In skipping the three-day early portion, Pederson said that he wanted to give players additional rest coming off the long season. But most of the players who would have been at those workouts hadn't even played in the Super Bowl. It's difficult to run practices with small numbers, but many coaches relish any opportunity to work with new faces.
Many of those new faces have been asked to take on larger roles considering the Eagles' injury woes.
On the first day of training camp, Pederson said about practice, "I can't let things slide out here." The first session was filled with pre-snap penalties, and that was a consistent theme throughout camp. The Eagles have cleaned up some of their mistakes in recent weeks, but presnap penalties were a problem for more than the first month of the season.
On Aug. 7, about two weeks into camp, the Eagles were scheduled to wear pads. But Pederson allowed the players to wear shorts and shells instead because he said that he had been pleased with the effort and that he didn't need to push them with temperatures in the 90s. He had one fewer practice with tackling periods and cut at least another session short.
It adds up.
Pederson pushed the team in what players described as an atypically difficult practice on Aug. 28 – clearly in response to the first three preseason games in which the Eagles lost by a combined score of 73-34 – but was it too little too late?
Pederson pushed almost every right button during 2017. He didn't panic after the Week 2 loss to the Chiefs. He was the picture of poise after Carson Wentz was lost for the season. He listened to his players when they asked for padded practices before the postseason, for instance. And he played the underdog card to perfection.

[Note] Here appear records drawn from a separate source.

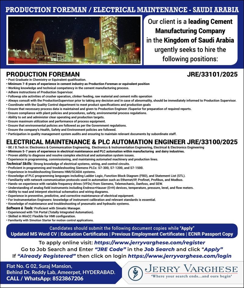 Saudi Arabia Jobs 2025: Hiring For A leading Cement Manufacturing Company
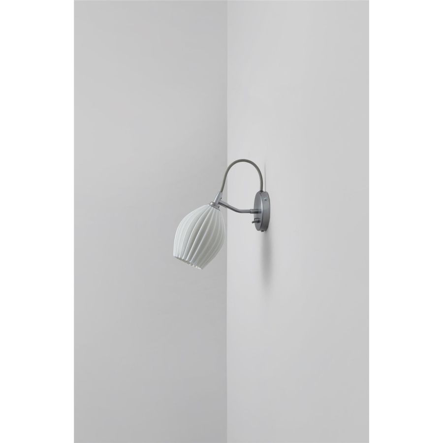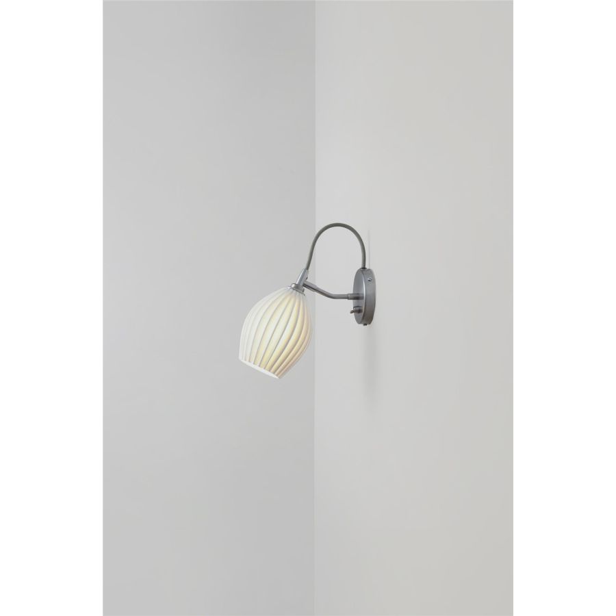 The Fin, with its eye-catching bone china shade, expertly moulded into intricate organic shapes, creates dramatic light when lit and retains a sculptural beauty when off. Handmade in Stoke-on-Trent, its distinctive shade is angled onto a satin chrome back plate. The new grey cotton braided cable complements the style beautifully.
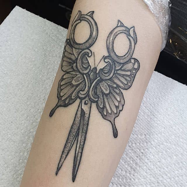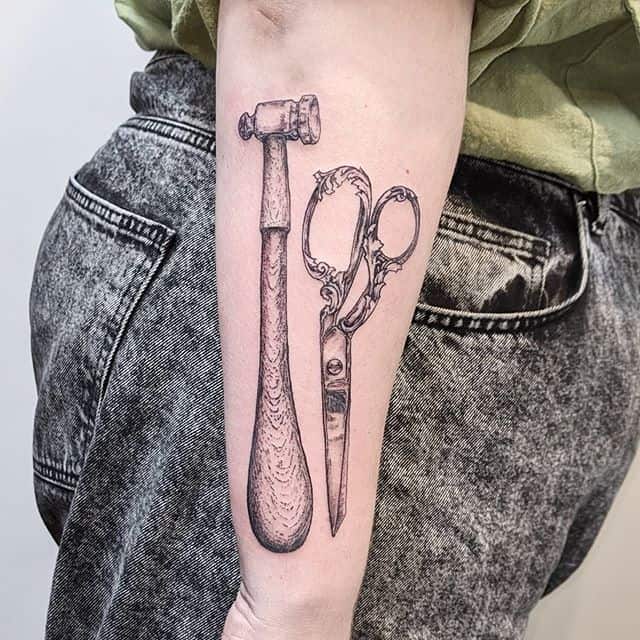 Татуювання з ножицями можуть виконуватися в різних стилях: графіка, реалізм геометрія, однією лінією, акварель, нью скул, олд скул… Варіантів маса. Однаково добре вони підійдуть як дівчатам, так і хлопцям. Розмістити ножиці буде найкраще саме на руках. Наприклад, можна вибрати зону передпліччя, зап’ястя. Але звичайно, відмінно виглядають і ножиці на долоні, якщо одна половинка нанесена на великий палець. А інша – на вказівний. В процесі руху кисті буде створюватися враження, що татуювання реально рухається, майстер знаходиться в процесі роботи.
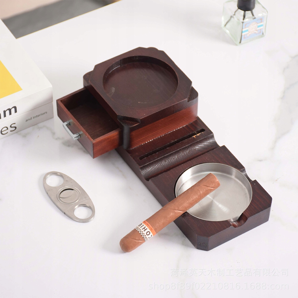 Ця знімна попільничка для сигар, виготовлена вручну з точно обробленої товстої деревини та алюмінію високої щільності, красива та довговічна. Це унікальна попільничка, створена спеціально для любителів сигар і є ексклюзивом для колекціонування. Його ключові характеристики – довговічність, зносостійкість, стійкість до падінь і водонепроникність.
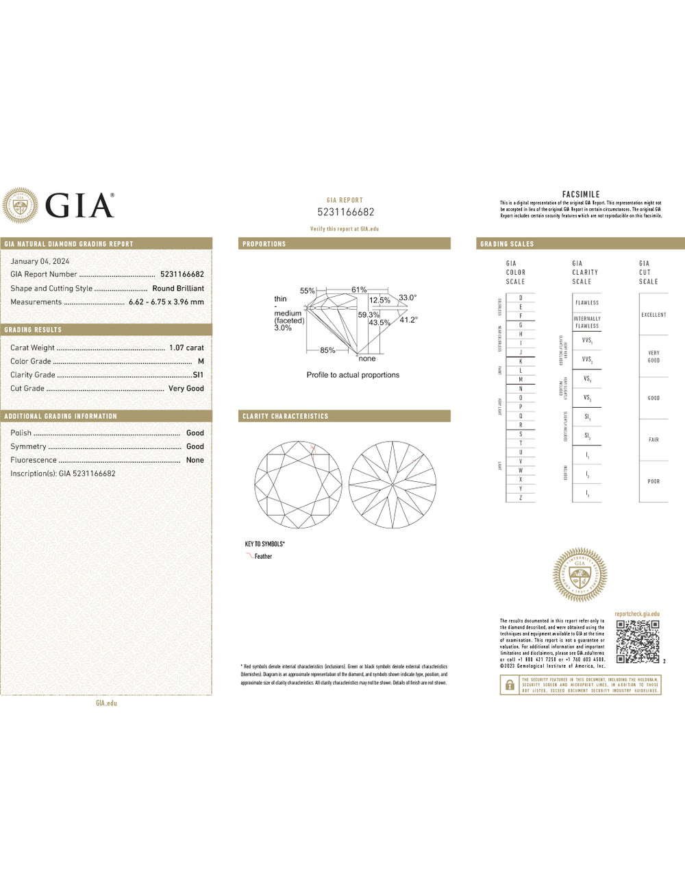 14Kt Engagement Diamond Ring GIA Certified 1.07 Carat Round SI1-M
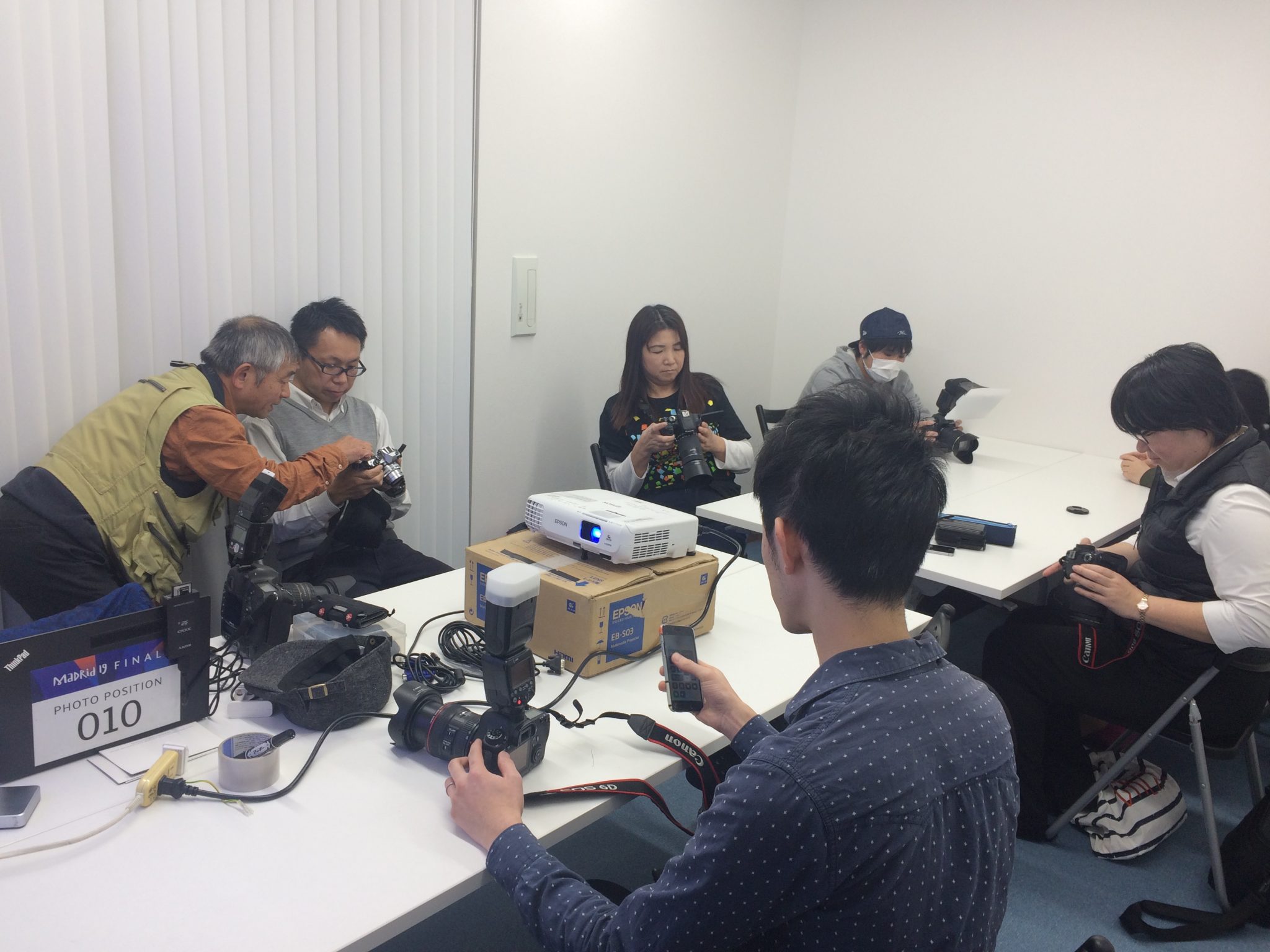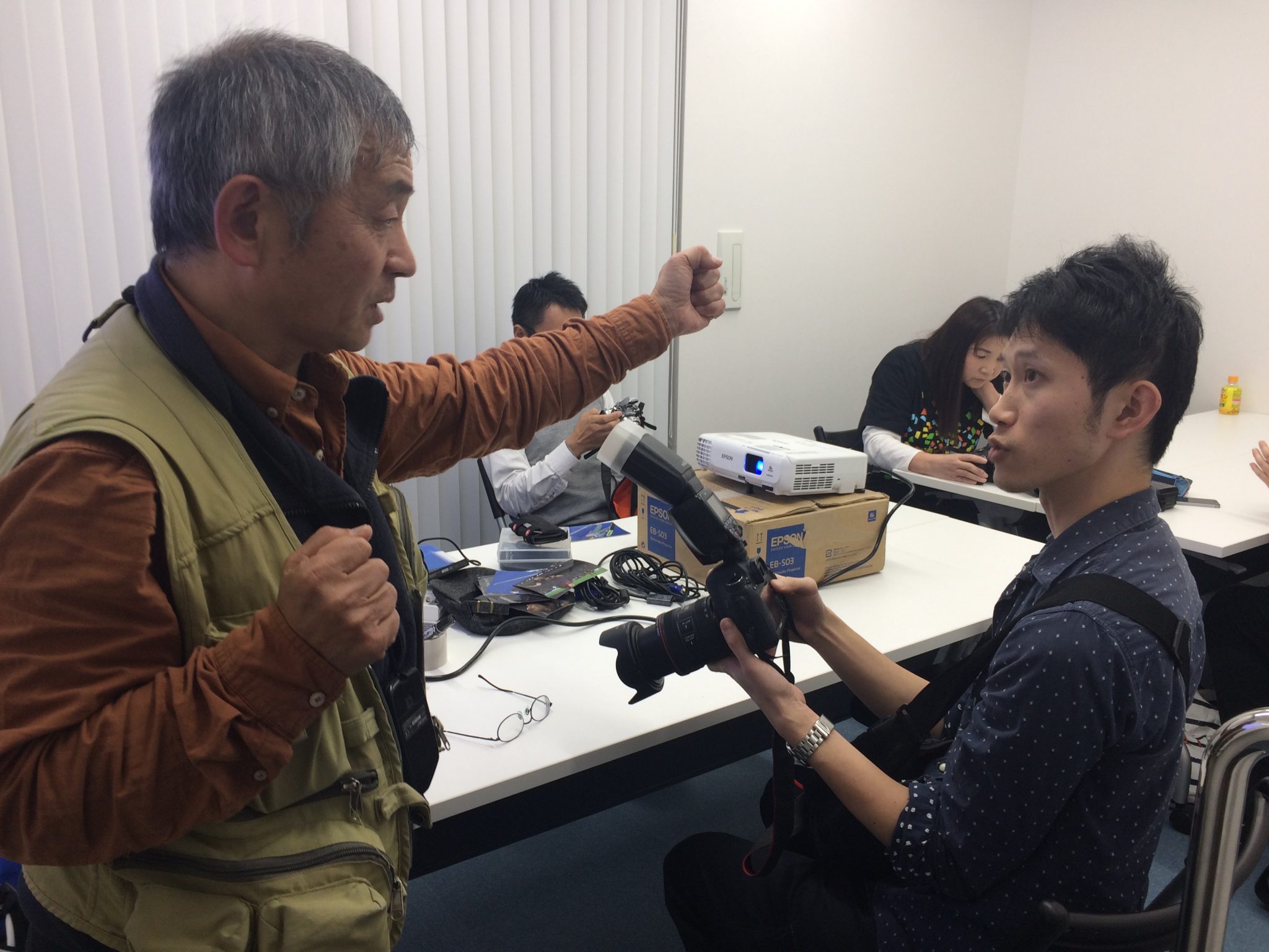 まず最初に、自己紹介を終えると全員でポートレートの撮影を行い、現在の技術を確認。スタッフを題材に、参加者の皆さんが思い思いに撮影し、それを山田さんが一人一人、アドバイスしていきました。

But he has seemingly been unable to adjust to this season's narrative. The "Embrace the Target" shirts that were given out to every player at the start of camp acknowledged their new status, but every season is its own entity. It took two games and a loss to the lowly Bucs for that slogan to lose its meaning.
After the Eagles coughed up a fourth-quarter lead to the Panthers last month, Pederson said that he told the players, "Nobody on the outside world is giving us a chance to do much of anything. Pressure's off, so we can go play, have fun, and just relax."
Did anyone underestimate the reigning champs? If anything, the pressure was ramped up. And for the most part, the Eagles have crumbled under it since those comments. In the losses since then, Pederson has mostly repeated the cliche about looking in the mirror.
He isn't going to publicly call out the players, and understandably so. But there has been no indication that he has altered his approach behind the scenes. Giving the players off on Thanksgiving – while the Giants practiced – may be Pederson's attempt to alter the process.
The best coaches adapt to the ever-changing winds of a season. Pederson has gotten more wrong than right over the last nine months. Something must change if the Eagles, still more than mathematically alive, are to play the final month with meaning.